Filipino nationals employed in the domestic and services sectors in the UAE are unlikely to lose their jobs even as public spending falls, Mr Incalcaterra said. Diversification efforts in the UAE aim to “restructure the economy towards services, which means there should be steady employment in the services sector”, he said.

“Jobs in the domestic sector don’t get cut without high cutbacks in household consumption,” Mr Incalcaterra said.

Gareth Leather, an Asia economist at Capital Economics, said: “Problems in the Gulf are likely to mean that growth in remittances will slow, but probably not dramatically.”

Economic growth in the Philippines is picking up. GDP increased 6.3 per cent in the three months to December from a year earlier, the Philippine statistics authority said in Manila yesterday.
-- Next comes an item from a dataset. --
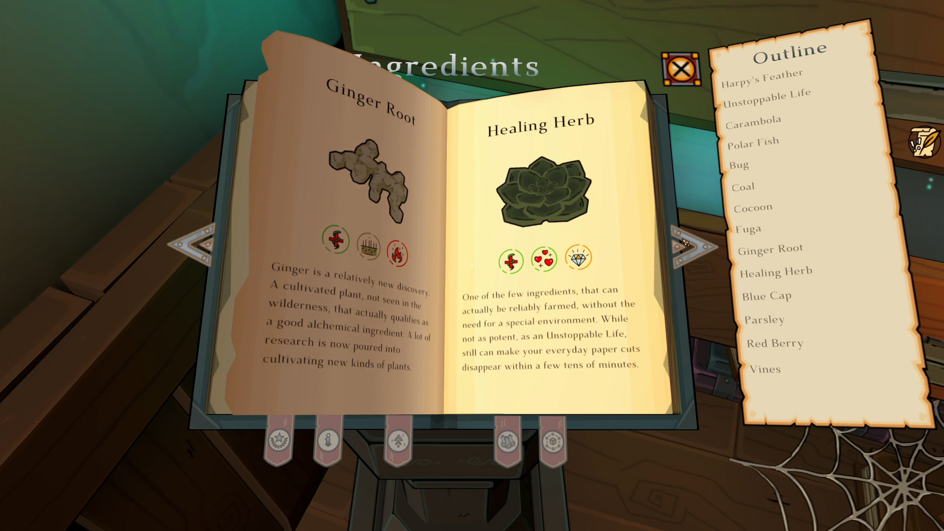 I also had some technical difficulties in selling potions. Often potions could not be turned in / sold using the assistant. I think this had to do with whether ingredients were being delivered, but it led to a lot of shuffling back and forth trying to click on the assistant from different angles as if that might suddenly work. I also had frustrating issues with ingredients frequently disappearing overnight, which was particularly common on the dryer. Moving ingredients or potions to dedicated shelves seemed to avoid this, but the game neglects to ever tell the player where they can place ingredients that have already been processed. Despite being frustrated by this and trying to place ingredients all over the place, I failed to find the dedicated shelves right in front of my face because the hitboxes were so small.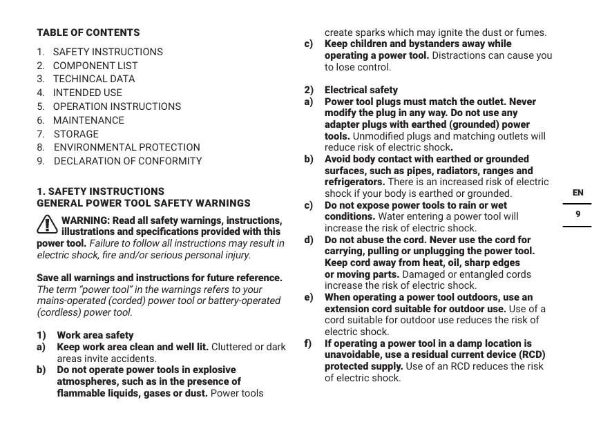 6. ENTRETIEN AVERTISSEMENT : Lorsque vous devez entreprendre des travaux d'inspection, d'entretien et de nettoyage, assurez-vous que le produit a été éteint, qu'il a refroidi et que le bloc-batteries a été retiré.

Higher employment in the Philippines – with unemployment at a record low of 5.6 per cent – can actually reduce remittances, Mr Leather said. “Strong growth means less need for families to go abroad and families see less need to send money back,” he said.

But these domestic improvements are unlikely to reduce net migration from the Philippines.

“It boils down to demographics. The group most likely to go abroad is growing faster than the overall population,” said Mr Incalcaterra.

“Growth has picked up, but not enough for the population. There’s still a lot of regional inequality. A lot of the growth is focused in central Manila but there are still areas where [economic] opportunities are limited,” he said.

Slower growth in Saudi Arabia, which is the largest source of remittances to the Philippines from this region, will have a bigger effect, Mr Incalcaterra said. That is because the country has a larger Filipino expat population employed in the oil and gas sector, which is seeing investment fall as the oil price slides.

Gulf governments are cutting infrastructure budgets, while maintaining spending on their public sectors – and national employees on public sector wage bills. This means that public spending cuts in the Gulf are focused “mainly on construction workers”, said William Jackson, the senior emerging markets economist at Capital Economics.

Gwen Ching, a client booker at maid recruitment website MaidCv, said that her company had not seen a slowdown in demand for workers from the Philippines.

“Filipino maids are even more in demand than before – we are getting a lot of feedback from customers that they want Filipino maids,” she said.